AVAILABLE DATA:
★ ★ ★ ★
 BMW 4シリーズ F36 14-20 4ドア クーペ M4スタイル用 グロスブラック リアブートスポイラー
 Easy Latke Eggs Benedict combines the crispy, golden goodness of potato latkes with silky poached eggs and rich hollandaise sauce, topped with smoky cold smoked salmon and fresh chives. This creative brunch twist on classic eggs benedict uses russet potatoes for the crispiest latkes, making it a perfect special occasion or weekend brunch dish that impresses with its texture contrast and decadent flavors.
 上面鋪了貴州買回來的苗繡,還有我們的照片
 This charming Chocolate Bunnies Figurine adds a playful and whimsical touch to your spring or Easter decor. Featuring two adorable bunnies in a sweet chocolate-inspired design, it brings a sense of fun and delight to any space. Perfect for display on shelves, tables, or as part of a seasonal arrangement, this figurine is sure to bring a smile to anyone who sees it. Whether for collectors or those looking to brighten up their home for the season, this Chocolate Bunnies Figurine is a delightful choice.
★ ★ ★ ★
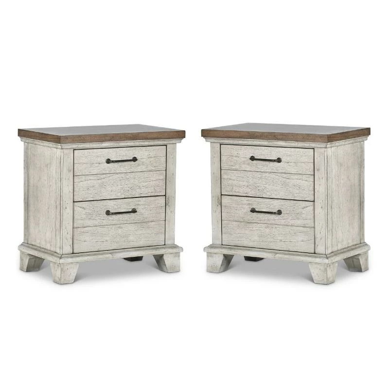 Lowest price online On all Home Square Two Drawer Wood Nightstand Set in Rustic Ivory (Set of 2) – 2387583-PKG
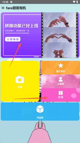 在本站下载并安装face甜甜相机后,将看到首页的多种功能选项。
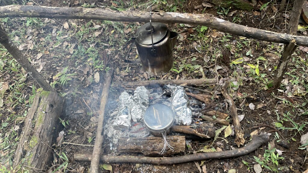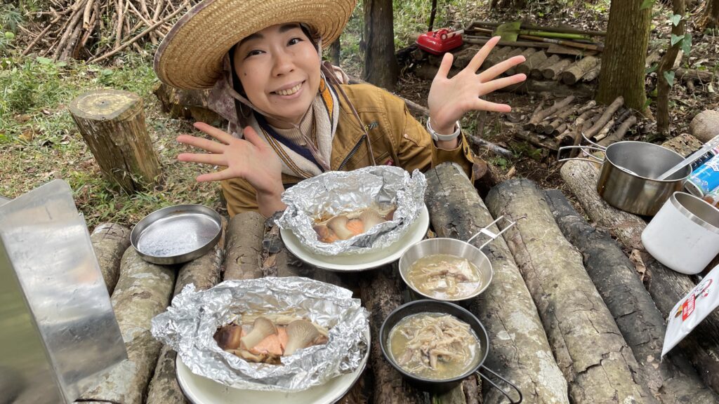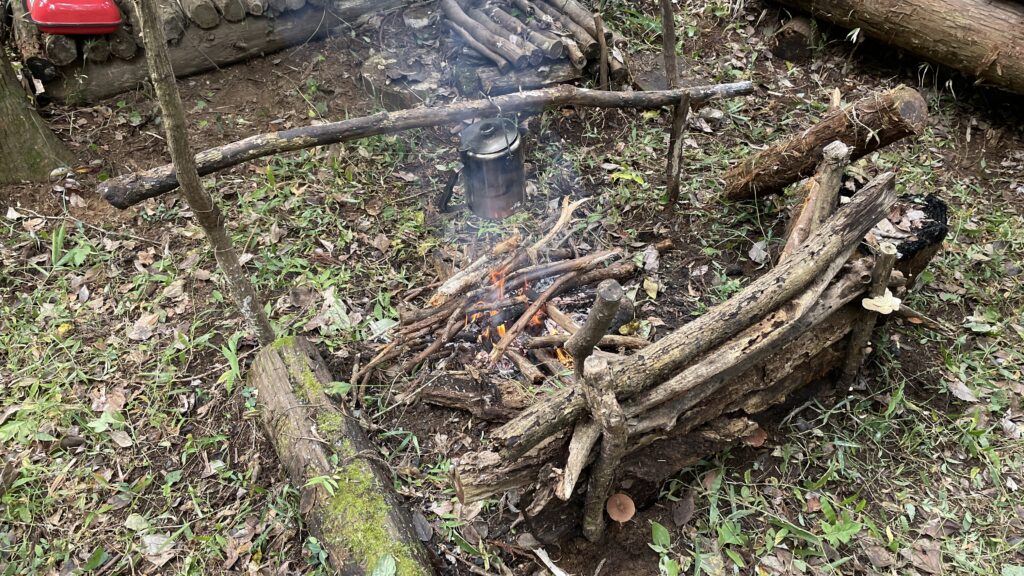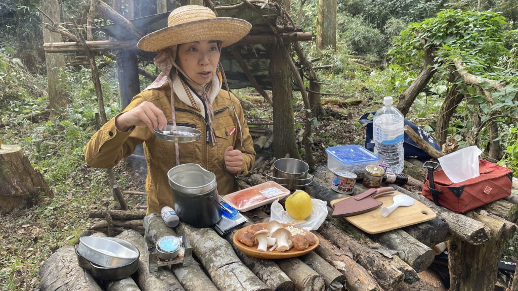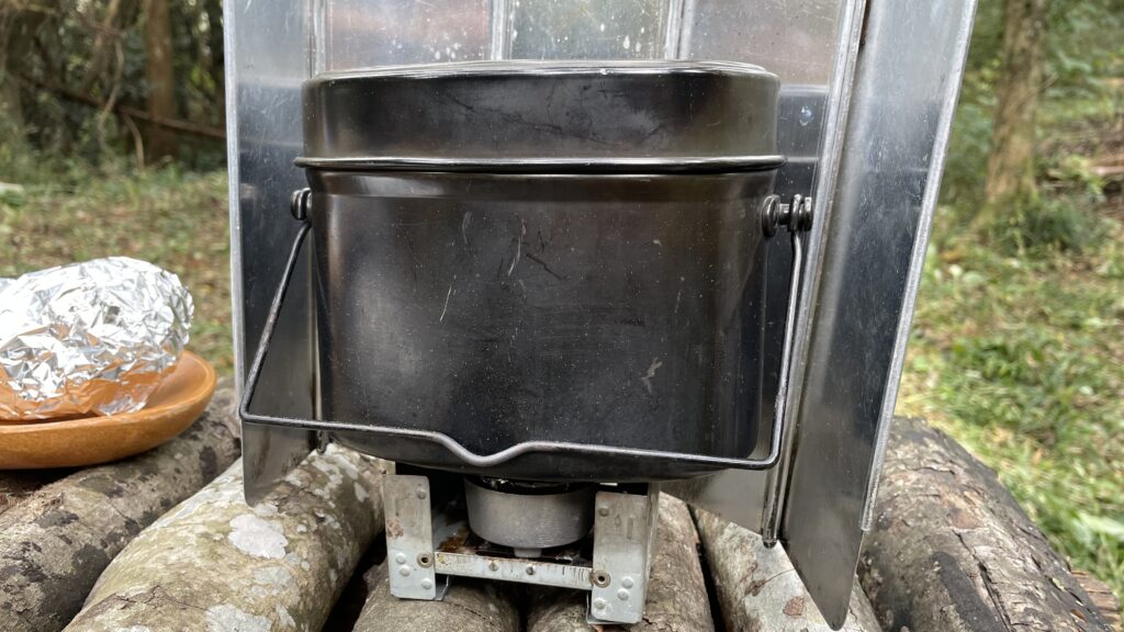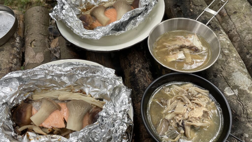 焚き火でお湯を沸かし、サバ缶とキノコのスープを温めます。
★ ★ ★ ★
WORK TASK: Copy only this from above: the line containing "Lowest price online", the line containing "焚き火でお湯を沸かし、サバ缶とキノコのスープを温めます。", and all lines between, printed exactly. Leave out the pictures.

COMPLETED TASK:
 Lowest price online On all Home Square Two Drawer Wood Nightstand Set in Rustic Ivory (Set of 2) – 2387583-PKG
 在本站下载并安装face甜甜相机后,将看到首页的多种功能选项。
 焚き火でお湯を沸かし、サバ缶とキノコのスープを温めます。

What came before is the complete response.